Speaking of those moments at the end that are clearly attempting to wrap everything up in a way that they didn’t get to do on the stage it’s hard not to wonder, wait a second, shouldn’t Jane Fonda have left the day before? Oh, never mind. CALIFORNIA SUITE doesn’t really have the sort of verisimilitude where that matters. In addition to Smith’s win at the real Oscars, Simon was nominated for adapted screenplay and the replications of the hotel (largely shot on stage) were nominated in the Art Direction category as well. I can remember Richard Donner in an old issue of Cinefantastique complaining about this when the production design in his own SUPERMAN (SUITE’s opening weekend competition, if you remember) was ignored but, well, that was where the acclaim went to at the time. It was the 70s. People crowded the theaters to see Neil Simon films, including this one, one after the other.
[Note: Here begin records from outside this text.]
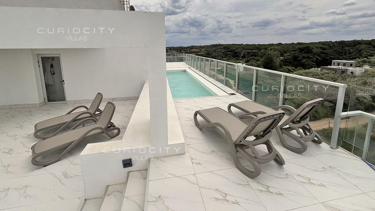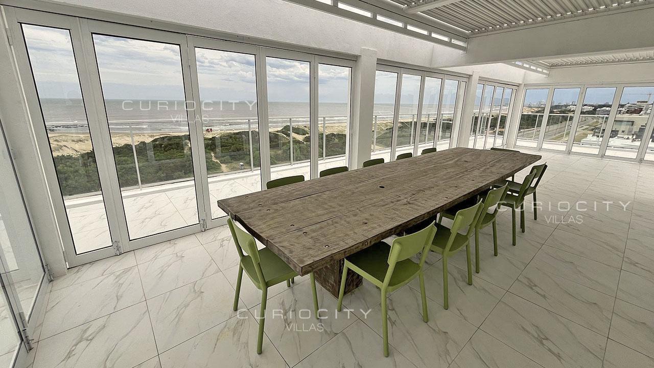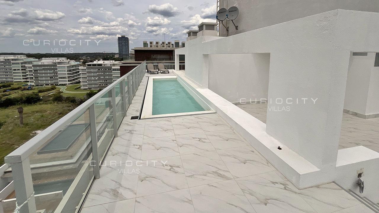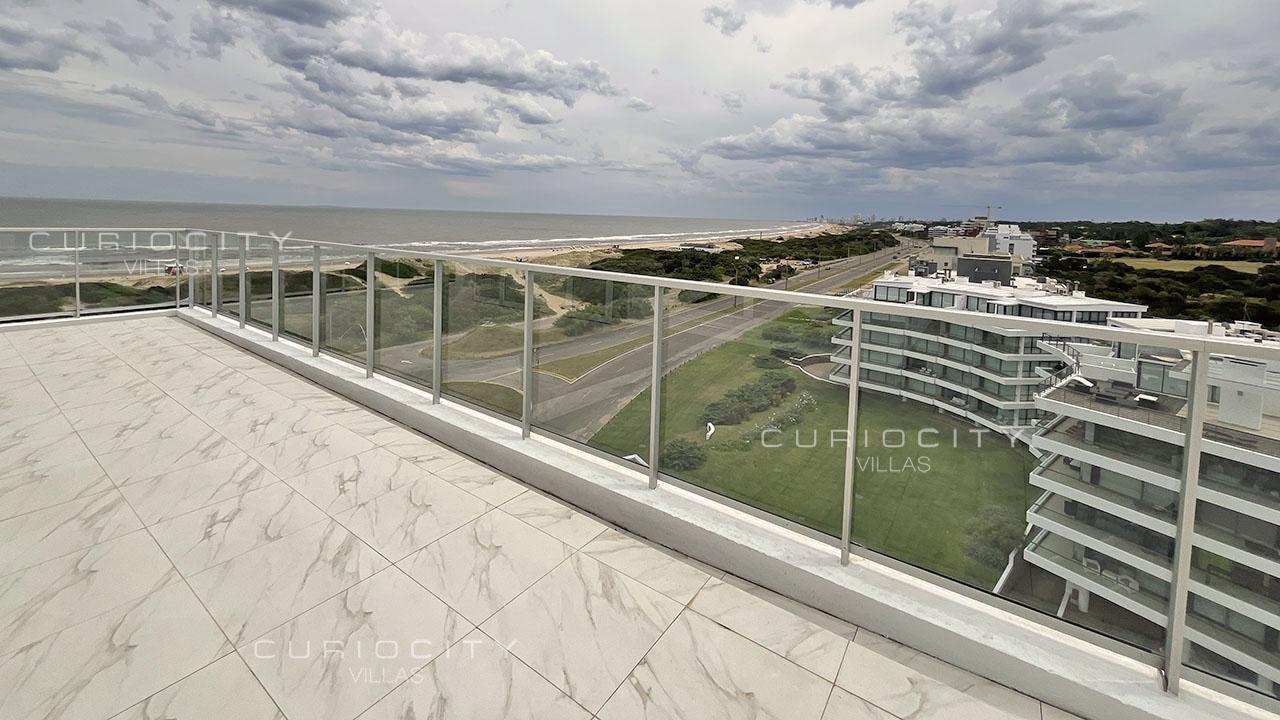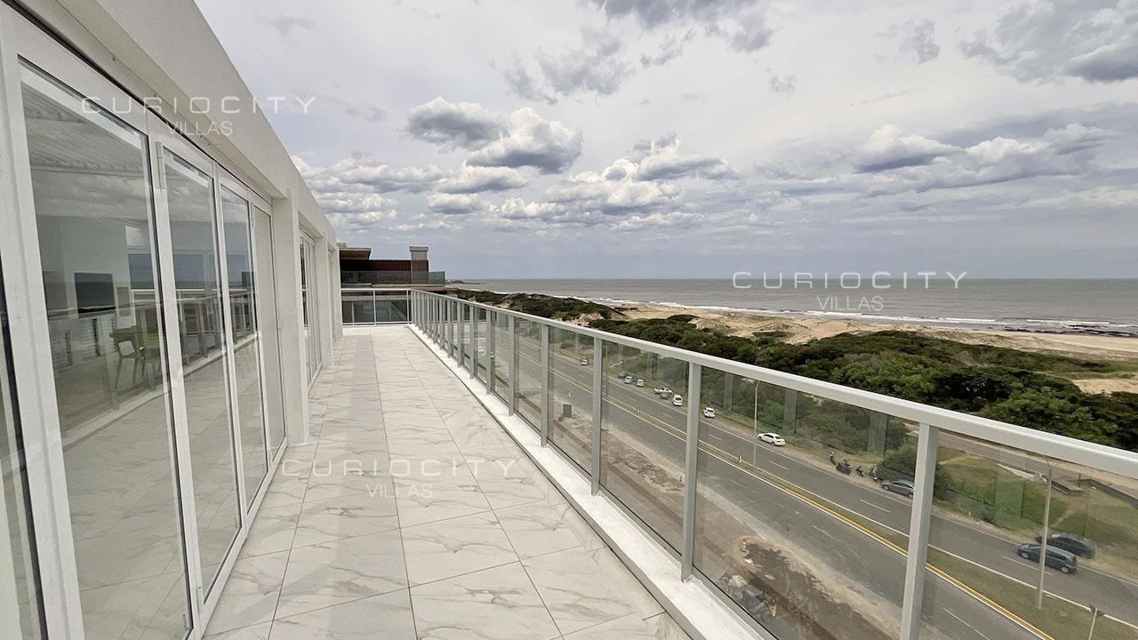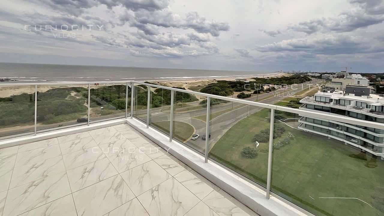 This luxury condominium penthouse is located first row towards Punta del Este Brava Beach's coastal strip, in the immediate vicinity of La Barra. The main floor of the unit is accessed by two modern elevators (no landing) plus service elevator, boasting an ample living and dining area overlooking the beach, which opens onto a large terrace that surrounds the entire apartment, guest toilet, a state-of-the-art kitchen, 3 bedrooms en suite, laundry, and a large Master Suite with two independent walk-in closets and two en suite bathrooms. A spectacular, private rooftop terrace with swimming pool and barbecue pavilion is accessed both by elevator and staircases. The penthouse unit owns 3 independent, underground parking spots and a storage. The condominium common use amenities and services include an open-air heated swimming pool, playroom, massage room and sauna, gym, multi-purpose room, barbecue pavilions, 24/7 concierge, cleaning and beach service. Seller finance available! Please get in touch for detailed information.
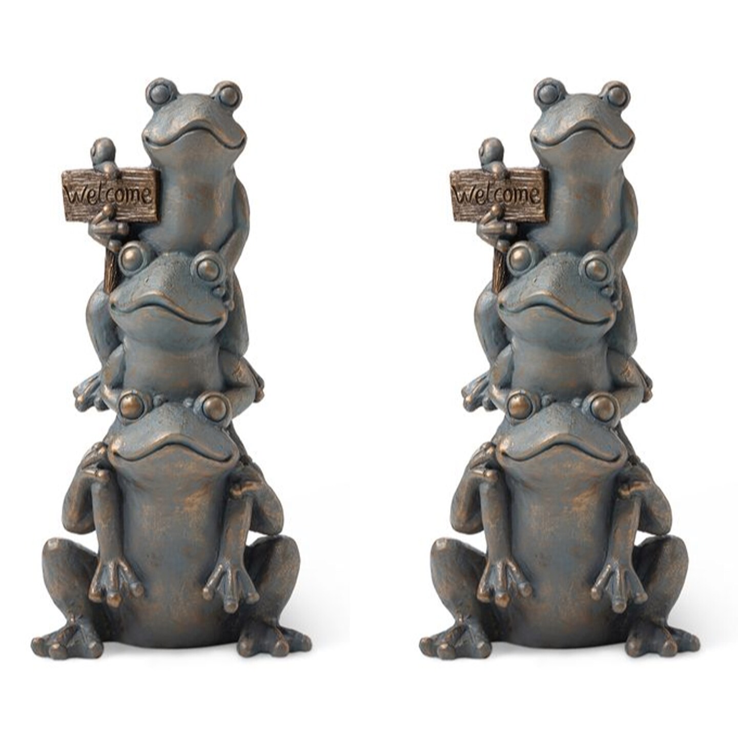 Set of 2 28.25"H Bronze MGO Stacked Frog Statue
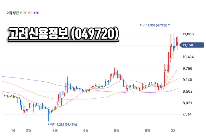 이러한 가운데 고려신용정보는 올초 대비 주가가 30%나 올랐으며, 최근 52주 신고가를 경신하면서 시장의 주목을 받고 있는데요.
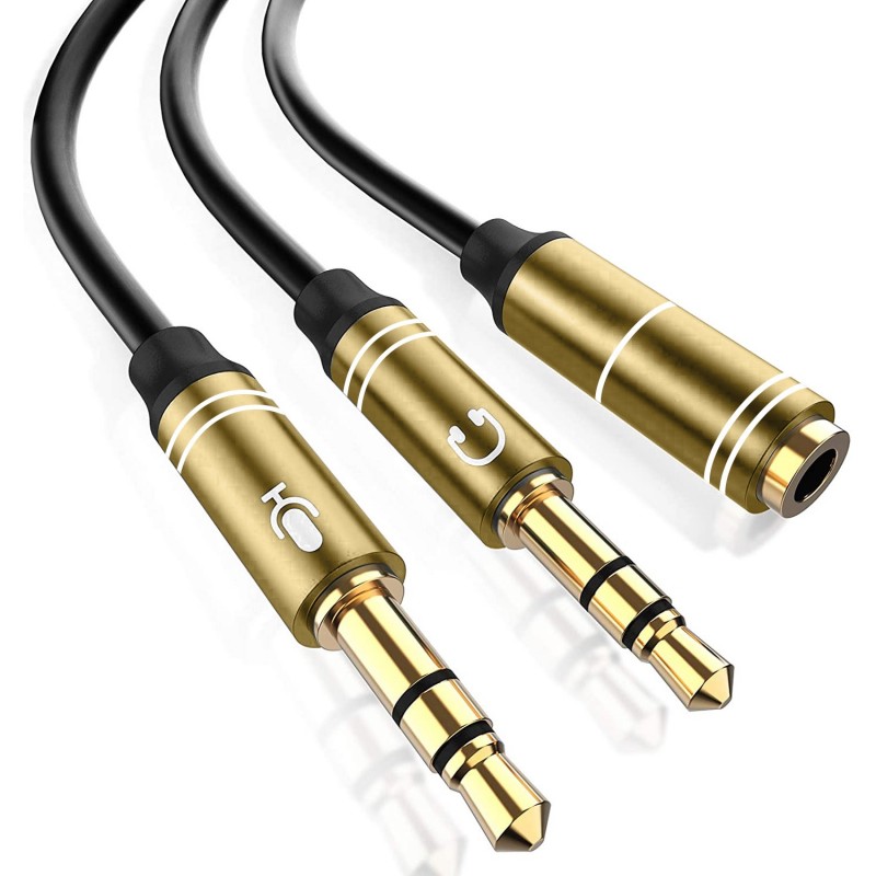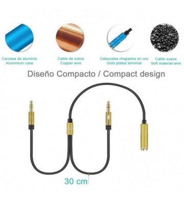 Splitter conversor de audio: • De doble minijack macho, con conexión de micrófono y altavoz, a minijack hembra. • Permite utilizar auriculares y dispositivos de sonido con minijack simple y micrófono, en PCs y dispositivos con entrada de altavoces y micrófono separadas. • Terminales acabados en metal. PVC y aleación de metal.
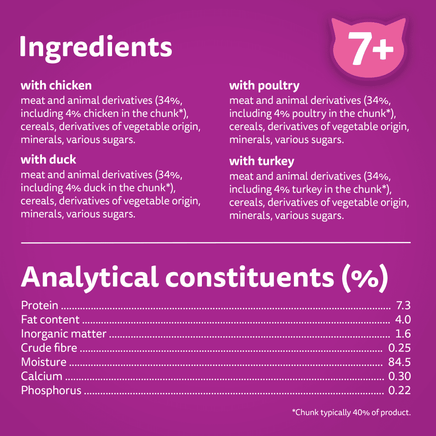 With Chicken Analytical constituents (%): Protein: 7.3, Fat content: 4.0, Inorganic matter: 1.6, Crude fibre: 0.25, Moisture: 84.5, Calcium: 0.30, Phosphorus: 0.22, Additives per kg:, Nutritional additives:, Vitamin B₁: 27.3 mg, Vitamin B₂: 1.4 mg, Vitamin B₆: 4.6 mg, Vitamin C: 702 mg, Vitamin D₃: 200 IU, Vitamin E: 138 mg, Taurine: 1101 mg, Copper (Copper(II) sulphate pentahydrate): 1.2 mg, Iodine (Calcium iodate, anhydrous): 0.28 mg, Iron (Iron(II) sulphate monohydrate): 14.0 mg, Manganese (Manganous sulphate, monohydrate): 2.8 mg, Zinc (Zinc sulphate, monohydrate): 16.2 mg, Sensory additives:, Flavourings With Duck Analytical constituents (%): Protein: 7.3, Fat content: 4.0, Inorganic matter: 1.6, Crude fibre: 0.25, Moisture: 84.5, Calcium: 0.30, Phosphorus: 0.22, Additives per kg:, Nutritional additives:, Vitamin B₁: 27.3 mg, Vitamin B₂: 1.4 mg, Vitamin B₆: 4.6 mg, Vitamin C: 702 mg, Vitamin D₃: 200 IU, Vitamin E: 138 mg, Taurine: 1101 mg, Copper (Copper(II) sulphate pentahydrate): 1.2 mg, Iodine (Calcium iodate, anhydrous): 0.28 mg, Iron (Iron(II) sulphate monohydrate): 14.0 mg, Manganese (Manganous sulphate, monohydrate): 2.8 mg, Zinc (Zinc sulphate, monohydrate): 16.2 mg, Sensory additives:, Flavourings With Poultry Analytical constituents (%): Protein: 7.3, Fat content: 4.0, Inorganic matter: 1.6, Crude fibre: 0.25, Moisture: 84.5, Calcium: 0.30, Phosphorus: 0.22, Additives per kg:, Nutritional additives:, Vitamin B₁: 27.3 mg, Vitamin B₂: 1.4 mg, Vitamin B₆: 4.6 mg, Vitamin C: 702 mg, Vitamin D₃: 200 IU, Vitamin E: 138 mg, Taurine: 1101 mg, Copper (Copper(II) sulphate pentahydrate): 1.2 mg, Iodine (Calcium iodate, anhydrous): 0.28 mg, Iron (Iron(II) sulphate monohydrate): 14.0 mg, Manganese (Manganous sulphate, monohydrate): 2.8 mg, Zinc (Zinc sulphate, monohydrate): 16.2 mg, Sensory additives:, Flavourings With Turkey Analytical constituents (%): Protein: 7.3, Fat content: 4.0, Inorganic matter: 1.6, Crude fibre: 0.25, Moisture: 84.5, Calcium: 0.30, Phosphorus: 0.22, Additives per kg:, Nutritional additives:, Vitamin B₁: 27.3 mg, Vitamin B₂: 1.4 mg, Vitamin B₆: 4.6 mg, Vitamin C: 702 mg, Vitamin D₃: 200 IU, Vitamin E: 138 mg, Taurine: 1101 mg, Copper (Copper(II) sulphate pentahydrate): 1.2 mg, Iodine (Calcium iodate, anhydrous): 0.28 mg, Iron (Iron(II) sulphate monohydrate): 14.0 mg, Manganese (Manganous sulphate, monohydrate): 2.8 mg, Zinc (Zinc sulphate, monohydrate): 16.2 mg, Sensory additives:, Flavourings -
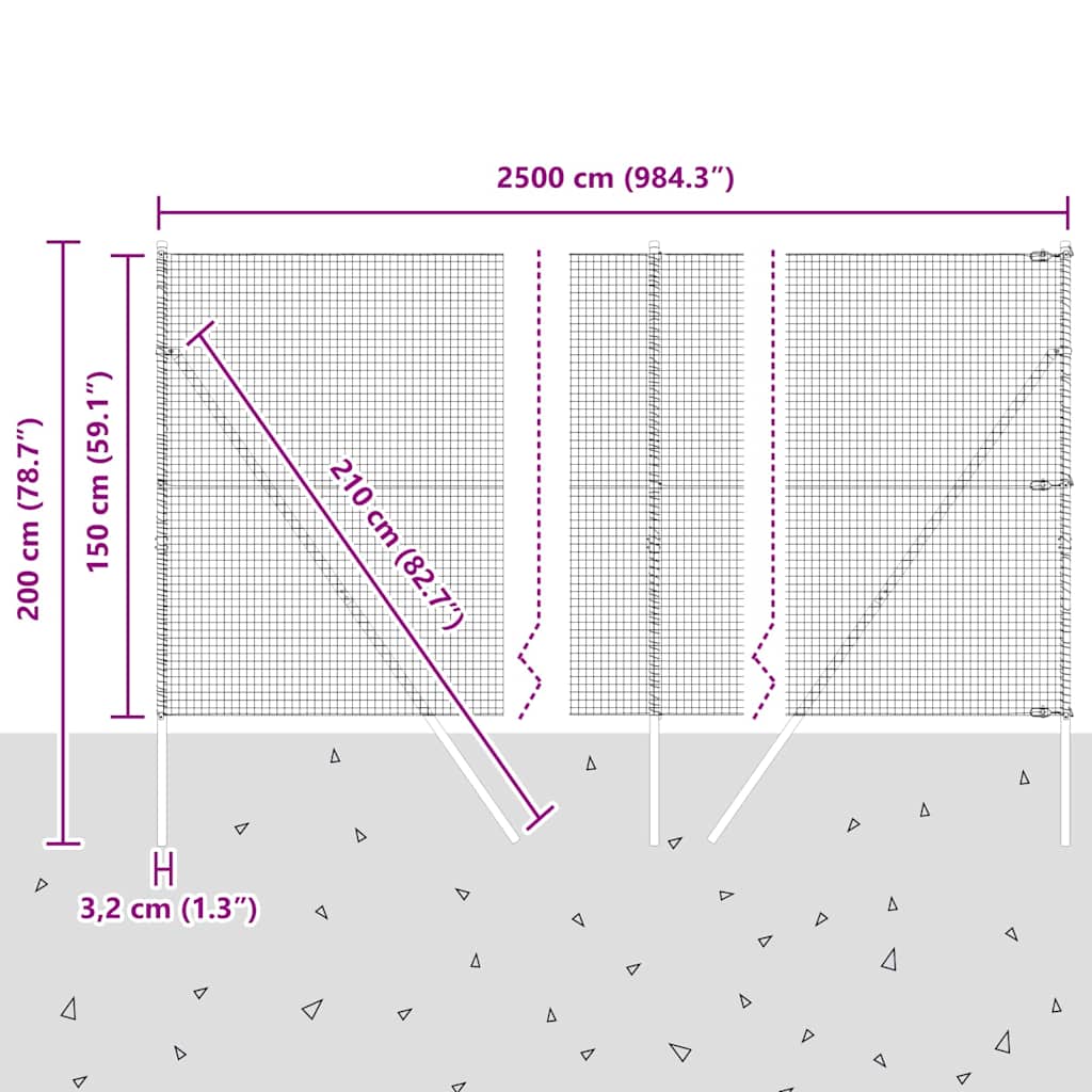 • Celkové rozměry: 2500 x 3,2 x 150 cm (D x Š x V)

That doesn’t happen anymore and there isn’t really a present-day equivalent—Simon’s later iteration of the format LONDON SUITE didn’t last long on the stage and the filmed version wound up being made for NBC in 1996. I doubt the networks would be all that interested now either. Things change, as always. As for the present day, why did I even pull out CALIFORNIA SUITE to watch late that evening? Maybe because that damn Columbia sunburst logo has the ability to hypnotize me, however briefly, into thinking that it’s long ago and things will seem just a little more carefree. I suppose there are worse reasons.